The UBR went through the House easily, and the property industry was slow to pick up on what it actually meant. The costs lie at the heart of the unemployment issue, and that is a serious charge. The Economic Secretary will remember the early 1980s, which saw almost the collapse of large-scale manufacturing industry in the west midlands—it was not the only part of Britain in which that happened, and there were reasons for it. So severe was that collapse that the Government of the time created rate-free industrial areas, which meant that factories could be built there without having the burden of rates. That is how serious it was.
Some people are now predicting that unemployment will rise to 3 million, and possibly more. That would be worse than the unemployment of the early 1980s, but the Economic Secretary will remember the vast areas of dereliction that followed when companies were forced, before the scheme came in, to demolish buildings. The pious and the wise said that they were old buildings anyway and it was just as well to get rid of them, but they were the source of much employment. I think it was Lord Heseltine who came up with the idea of designated business-rate free areas. There was one in London and one in Liverpool, and the west midlands definitely had one. That shows the severity of that recession.
Now we face a different problem. Many areas are hurting, such as recently built shopping malls, where properties are rated at the highest end of the rentable market, invariably with clauses that say the rents can only go up. No one should think that employment in retail is negligible in this economy; it is in fact significant and substantial. These shopkeepers include some large companies. We saw Woolworths go—we can wave that goodbye—but a lot of people were employed by that company and it provided employers' national insurance at 12.8 per cent. while the employees paid nearly 10 per cent. too. Those revenues to the Government sustain employment, and so the increases are very worrying.

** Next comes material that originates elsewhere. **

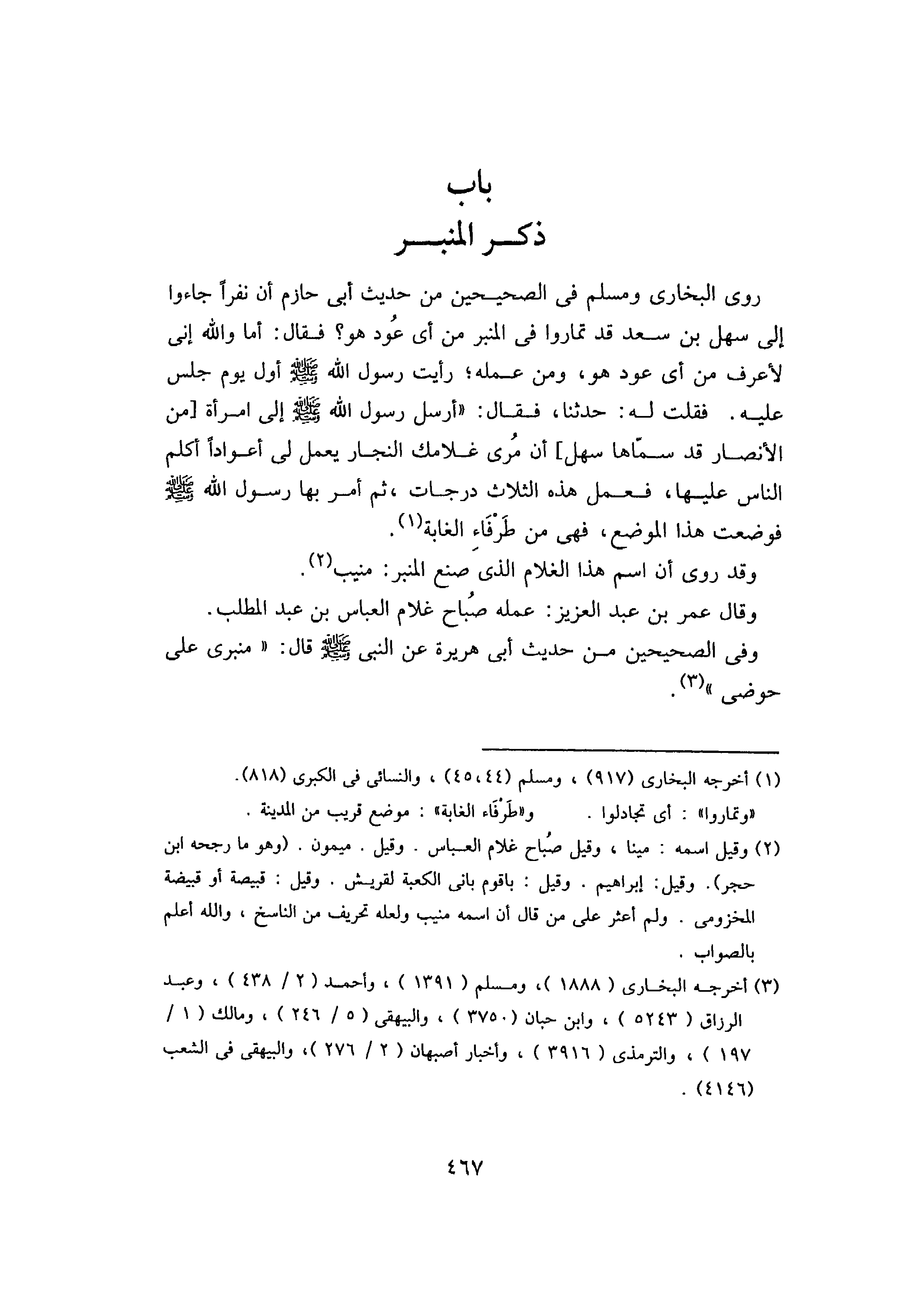 رَوَى الْبُخَارِيُّ، وَمُسْلِمٌ فِي الصَّحِيحَيْنِ، مِنْ حَدِيثِ أَبِي حَازِمٍ، أَنَّ نَفَرًا جَاءُوا إِلَى سَهْلِ بْنِ سَعْدٍ قَدْ تَمَارَوْا فِي الْمِنْبَرِ مِنْ أَيِّ عُودٍ هُوَ؟ فَقَالَ: أَمَا وَاللَّهِ إِنِّي لأَعْرِفُ مَنْ أَيِّ عُودٍ هُوَ، وَمَنْ عَمِلَهُ، رَأَيْتُ رَسُولَ اللَّهِ صَلَّى اللَّهُ عَلَيْهِ وَسَلَّمَ أَوَّلَ يَوْمٍ جَلَسَ عَلَيْهِ.

I shall give an example of a building that is designated new build, although it was a very elegant refurbishment, in central London. I can talk about this from personal experience, so it is not a vague or illusory illustration. The rent for a less than 5,000 sq ft shop in a central London borough is £270,000, set in 2004. The uniform business rate for the same shop, last year, was £124,740. That is what is confronting many a small business. This business employs about 60 people, some of them part-timers and all of them paying national insurance contributions while the employer pays the employers' national insurance contribution. That is a huge sum for that business to pay, yet it is providing employment in these dire times.
Today, I walked from Tottenham Court road to see what has happened there. At one time, the area was the centre of London's book trade, but now there are empty shops and fast food outlets. That is where we are getting to. I urge the Government to take seriously the employment side of all their equations and to think about what is happening. The uniform business rate and the nearly 50 per cent. multiplier of whatever the rent is are what kills the prospects for many companies and thus the employment of many people.
I have a quick and simple message for those on the Government Front Bench. I want to concentrate on the plight of small business and to make the point that it is in serious trouble, much of which is due to this Government. The Government are doing lots of things not very successfully because they did not take into account the fact that they had to administer and manage their projects. Also, I want to say that they could have seen rates as a real way of putting capital into local business, but they failed to understand that. The difference is that loans must be paid out, but rates, if the Government wish to offer relief, do not have to be taken. That was the major point that I wanted to make.
There are a number of Government schemes—I have all the figures here—but they are not working. It is very simple. Business rates in the UK are three times higher than those in any other European country and higher than those in the USA—what a millstone to put around the necks of our businesses. The Government could have helped by ensuring that there was real relief for small business, but that has not happened. My hon. Friend Peter Luff has proposed an action that I hope the Government will take up, but we have not yet heard that that will happen. Perhaps we will tonight.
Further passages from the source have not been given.